Post by Sparky Prime »

BWprowl wrote:After Optimus let half of Chicago get blown up in the last movie to ‘teach humans a lesson’,

Like the Autobots weren't asked to leave Earth by the government after the Decepticons issued a threat in the first place?
he suddenly takes it personally when the lesson they learned is “Maybe we shouldn’t rely on sociopathic aliens to save us all the time”, and turns into a berserker engine of vengeance, bellowing “I’ll kill you!” what feels like every five minutes and eventually having to learn from Marky Mark the same lesson he himself was espousing in the previous movies (“Humans aren’t so bad, they have potential”)
Considering the Autobots saved humanity from enslavement (and saved the sun in the film before that), being secretly hunted down by a black ops team is a bit of the opposite reaction you'd expect.

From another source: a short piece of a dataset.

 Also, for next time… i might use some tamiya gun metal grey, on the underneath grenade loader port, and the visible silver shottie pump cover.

I think it makes sense Optimus would become a little disillusioned with the human race after that.
Drift and Crosshairs leave Hound to defend the city by himself so they can go sit on their asses and watch Optimus fight the Dinobots by himself
Hound and Bumblebee fell off the ramp of the ship when it was shot down and crashed several miles away, which is when Optimus decides to free the Dinobots for some more reinforcements, they didn't just leave them.

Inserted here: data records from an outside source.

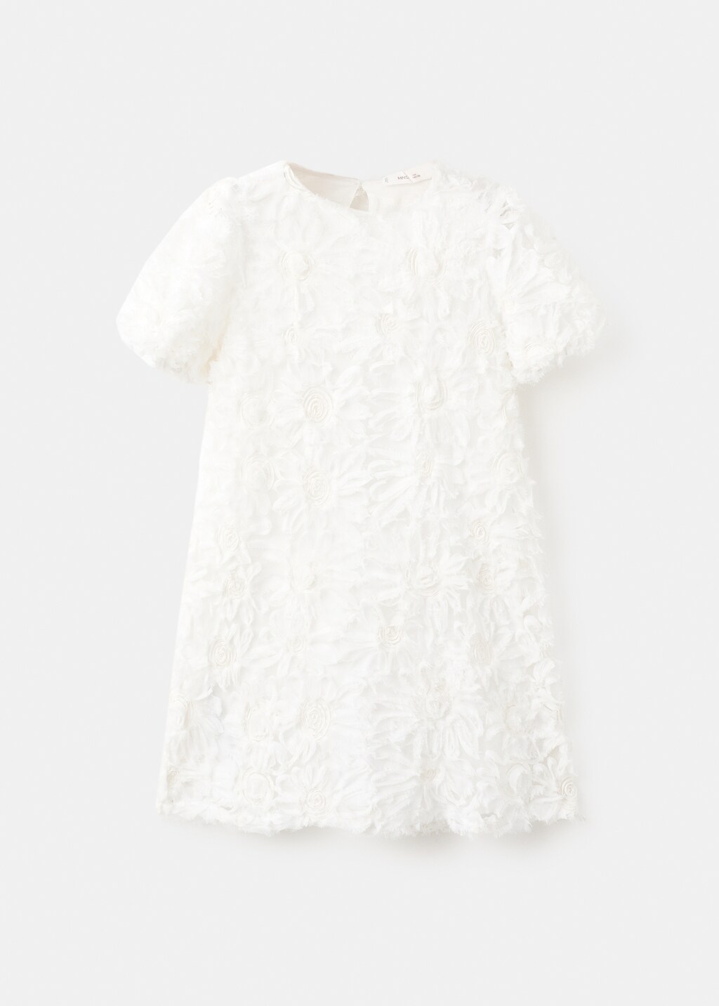 Llargada curta. Teixit de tul. Detalls brodats. Disseny curt. Coll rodó. Màniga curta. Tanca de llàgrima a la part posterior. Folre interior. Col·lecció cerimònia.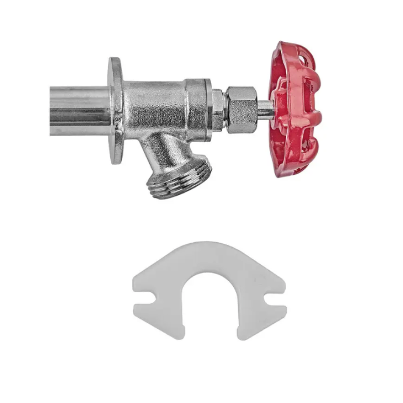Специальный внутренний механизм и удлиненный стержень переносят точку перекрытия воды в теплую зону стены, что предотвращает замерзание.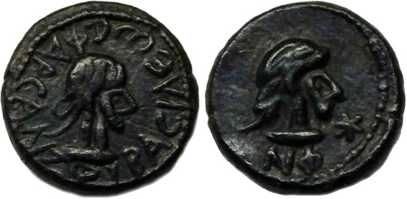 - Бюст императора вправо, год ΝΦ (550 г б.э.), справа «звезда»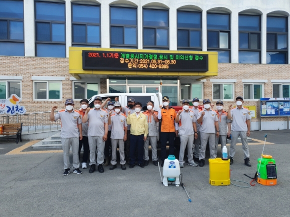 이날 방역은 바쁜 농번기임에도 불구하고 의용소방대원 10여명이 참석한 가운데 관내 마을회관 및 경로당을 중심으로 이루어졌으며, 강종서 율곡119안전센터 소장이 함께 참여하여 의용소방대 대원들과 함께 뜨거운 폭염 속에서도 코로나 확산방지를 위해 구슬땀을 흘렸다.

We’re supposed to be shocked and appalled when Galvatron smashes some civilian cars up in his initial outing, but when Bumblebee’s flipping and exploding random boats and torching bridges, it’s all good!
Difference being Galvatron was supposed to be under the control of a human operator at the time, and instead was acting out on his own, purposefully smashing up some civilian vehicles.